----- DATA FOR THIS TASK -----

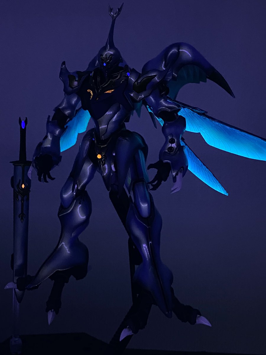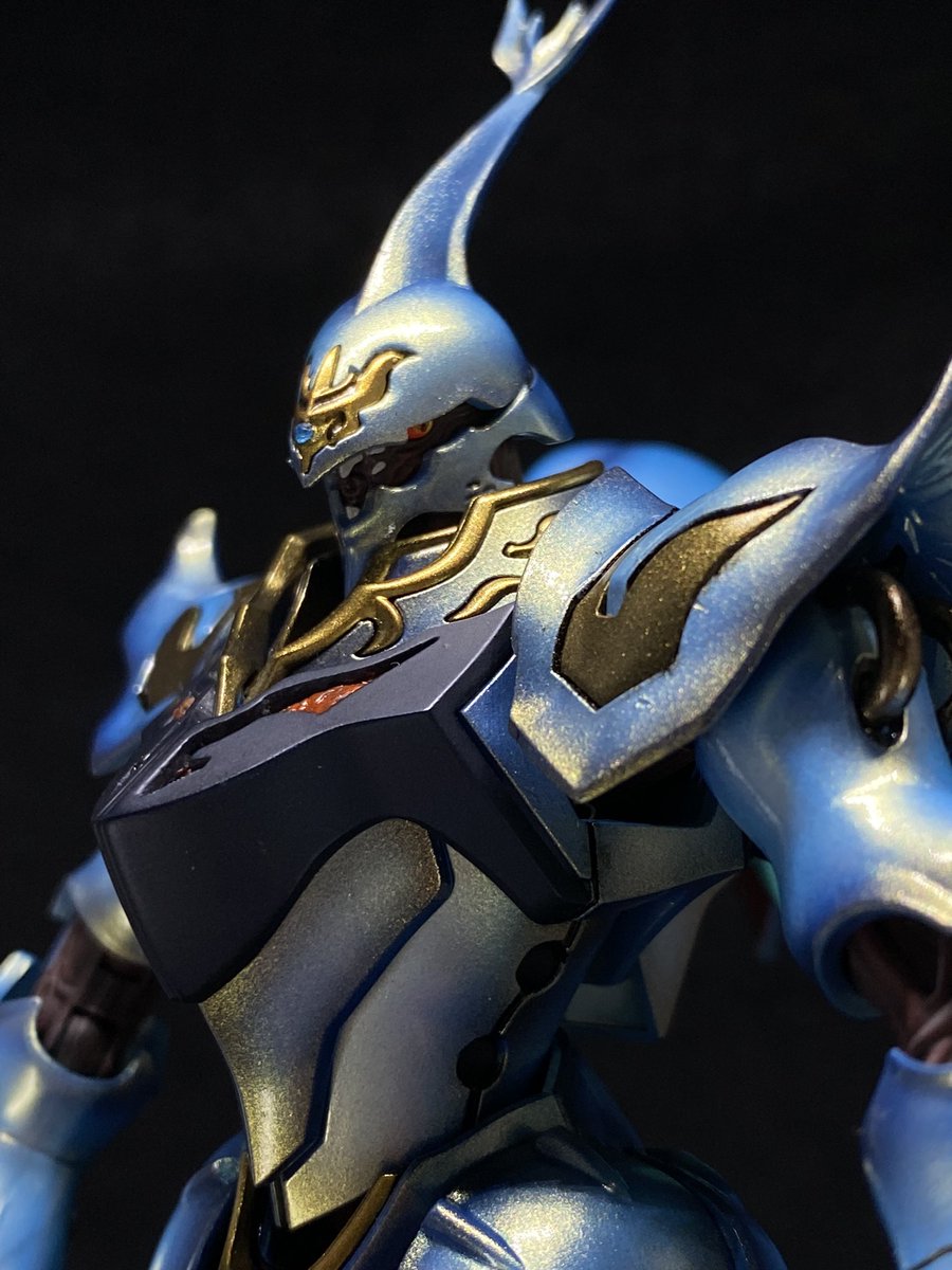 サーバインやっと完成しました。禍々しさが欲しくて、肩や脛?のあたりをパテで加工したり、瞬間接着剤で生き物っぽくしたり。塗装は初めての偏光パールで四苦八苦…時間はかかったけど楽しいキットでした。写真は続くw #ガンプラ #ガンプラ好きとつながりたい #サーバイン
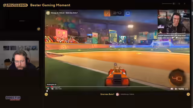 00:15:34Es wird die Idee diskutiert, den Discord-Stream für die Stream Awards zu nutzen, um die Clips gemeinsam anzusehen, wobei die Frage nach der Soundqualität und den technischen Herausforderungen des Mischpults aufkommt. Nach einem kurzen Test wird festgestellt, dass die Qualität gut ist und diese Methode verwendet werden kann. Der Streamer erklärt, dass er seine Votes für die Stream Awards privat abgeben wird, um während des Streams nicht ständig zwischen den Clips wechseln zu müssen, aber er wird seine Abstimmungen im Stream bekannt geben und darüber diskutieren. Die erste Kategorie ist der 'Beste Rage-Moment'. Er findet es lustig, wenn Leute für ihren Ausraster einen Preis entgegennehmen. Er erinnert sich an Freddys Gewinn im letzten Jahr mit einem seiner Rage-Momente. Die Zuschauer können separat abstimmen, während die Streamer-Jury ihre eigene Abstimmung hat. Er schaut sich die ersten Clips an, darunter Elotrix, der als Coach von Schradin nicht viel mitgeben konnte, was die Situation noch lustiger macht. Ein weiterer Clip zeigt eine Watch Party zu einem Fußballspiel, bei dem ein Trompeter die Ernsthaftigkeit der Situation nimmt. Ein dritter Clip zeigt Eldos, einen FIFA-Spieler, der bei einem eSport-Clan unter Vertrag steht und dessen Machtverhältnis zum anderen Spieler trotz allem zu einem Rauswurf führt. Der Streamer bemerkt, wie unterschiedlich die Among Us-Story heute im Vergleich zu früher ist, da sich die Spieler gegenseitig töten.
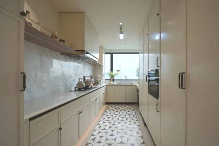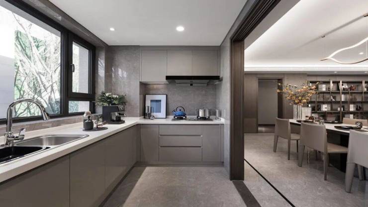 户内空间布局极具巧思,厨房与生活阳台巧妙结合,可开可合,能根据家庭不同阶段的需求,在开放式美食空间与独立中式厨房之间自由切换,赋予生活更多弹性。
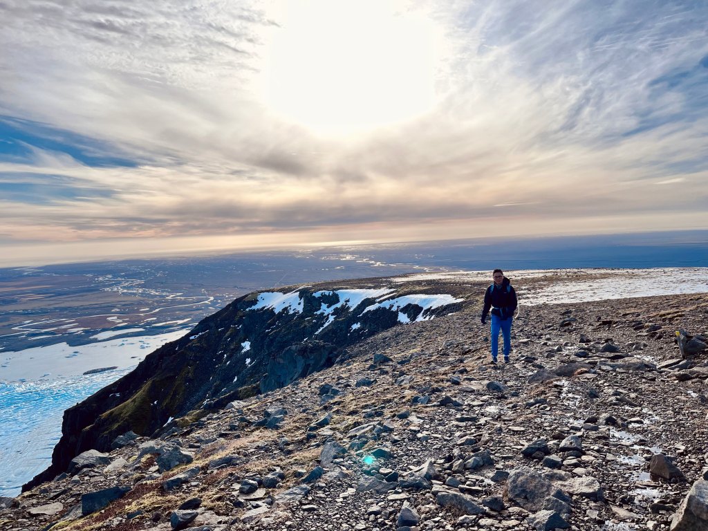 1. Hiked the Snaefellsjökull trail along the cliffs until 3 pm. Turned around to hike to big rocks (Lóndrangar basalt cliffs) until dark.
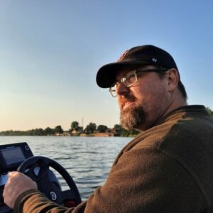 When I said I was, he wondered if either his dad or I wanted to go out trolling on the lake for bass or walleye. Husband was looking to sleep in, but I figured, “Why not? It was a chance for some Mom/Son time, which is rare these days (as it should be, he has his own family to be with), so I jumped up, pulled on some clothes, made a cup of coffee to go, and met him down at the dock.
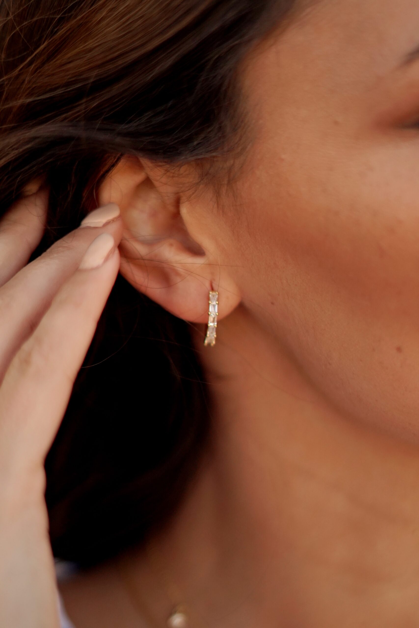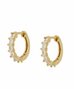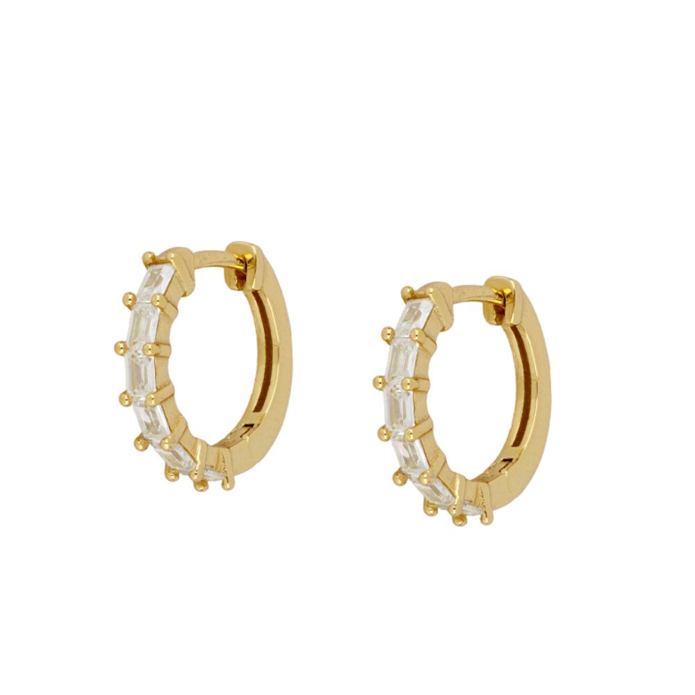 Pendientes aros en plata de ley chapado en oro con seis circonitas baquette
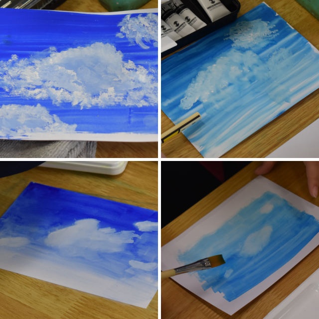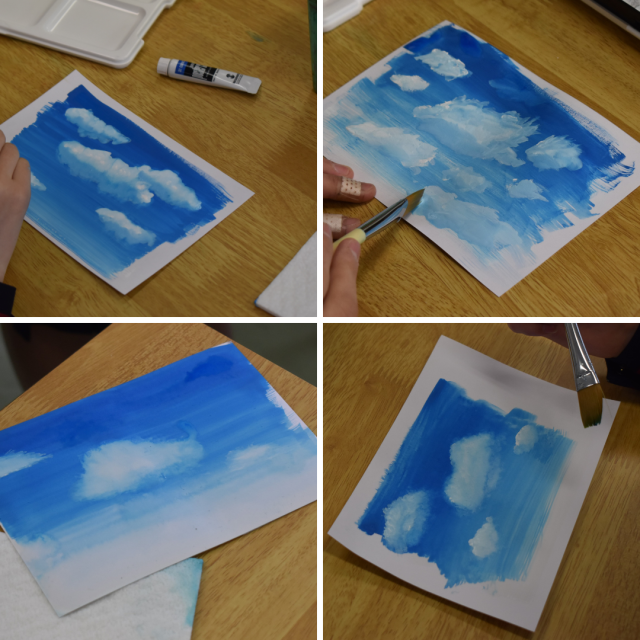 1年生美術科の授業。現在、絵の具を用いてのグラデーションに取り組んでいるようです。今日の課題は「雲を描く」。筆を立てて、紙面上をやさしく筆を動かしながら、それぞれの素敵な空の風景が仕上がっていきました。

-----

**REQUIRED WORK:** Take the line that contains "When I said" and every line after it down to the last line of the entries above, and output them exactly, with nothing else and no pictures.

**TASK ANSWER:**
 When I said I was, he wondered if either his dad or I wanted to go out trolling on the lake for bass or walleye. Husband was looking to sleep in, but I figured, “Why not? It was a chance for some Mom/Son time, which is rare these days (as it should be, he has his own family to be with), so I jumped up, pulled on some clothes, made a cup of coffee to go, and met him down at the dock.
 Pendientes aros en plata de ley chapado en oro con seis circonitas baquette
 1年生美術科の授業。現在、絵の具を用いてのグラデーションに取り組んでいるようです。今日の課題は「雲を描く」。筆を立てて、紙面上をやさしく筆を動かしながら、それぞれの素敵な空の風景が仕上がっていきました。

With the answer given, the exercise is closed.